UN DETALLE MUY SIGNIFICATIVO que tuvo lugar ayer en un colegio electoral de Bagdad: cuando un terrorista se autodetonó dentro del mismo, los ciudadanos que estaban guardando cola se negaron a irse a casa. Querían votar:
When the suicide bomber at the high school struck shortly before 11 a.m., the polling site had been growing busy after a slow start. But Hadi Saleh Mohammed, the election official in charge, felt he had no choice but to close it down. There were the wounded to evacuate, a gruesome mess to clean up, security to reassess.
While all that went forward, the voters stood at the end of the block, waiting.
"They wanted to come back in," Mohammed said. "They didn't want to go back home."
Why not?
"First, people want to stop this terrorism that's breeding in this country. Second, the religious leadership wanted people to vote. And third, people have had enough of time wasted. They want to get their permanent government."
So the polling place reopened. On the advice of the U.S. troops, the security perimeter was pushed back a block, so people could be frisked twice before entering the school.
[...] And so, after about an hour, voting resumed.
Najila Amin, a housewife who felt the massive blast in her home, made her way to the scene of the crime.
"We're used to explosions," she said. "It's normal."
What surprised her, Amin said, was the steady stream of people walking past her window toward the school. Twenty people were in the street at any moment, stepping carefully in places the street cleaners had missed.

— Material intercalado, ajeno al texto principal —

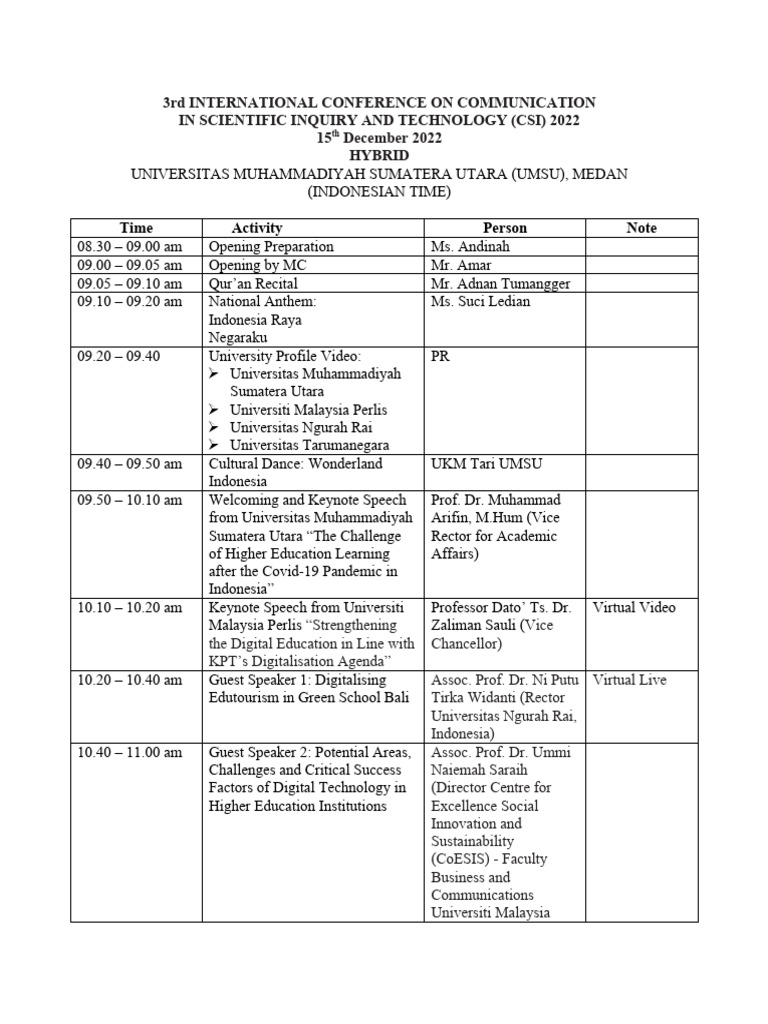 Tentative Schedule For Conference | PDF

"I didn't expect such numbers," said Amin, 50, who fastened her head scarf so it showed no hair. "It makes me feel people want to protect themselves and have a government that can protect us."
Her companion on the walk to the polls, Taiyma Jamal, 26, said the turnout represented a vote against the insurgency. "People want to be free," she said.
No hay palabras.
Por cierto, y siguiendo con el mejor diario de los EEUU, el Washington Post, su editorial de hoy es absolutamente imprescindible. Tan es así que me tomo la libertad de reproducirlo íntegramente:
FOR MONTHS news from Iraq has told the story of the extremists, those who destroy themselves to murder others and to proclaim the cause of a religious or Baathist dictatorship. Yesterday the world saw and heard, at last, another Iraq, one in which millions of people from all over the country turned out to vote -- even in places where their nominal leaders had proclaimed a boycott, even at polling stations where mortar rounds fell or gunfire rang out. Some danced or distributed chocolates, some wept with joy, others grimly pressed forward as if their lives literally depended on it. A 32-year-old man who lost his leg in a suicide bombing arrived at the polls in Baghdad and told a Reuters reporter, "I would have crawled here if I had to." There were nine suicide bombings, and at least 44 people died, including one U.S. soldier. But the day's message was unmistakable: The majority of Iraqis support the emerging democratic order in their country, and many are willing to risk their lives for it.Amén.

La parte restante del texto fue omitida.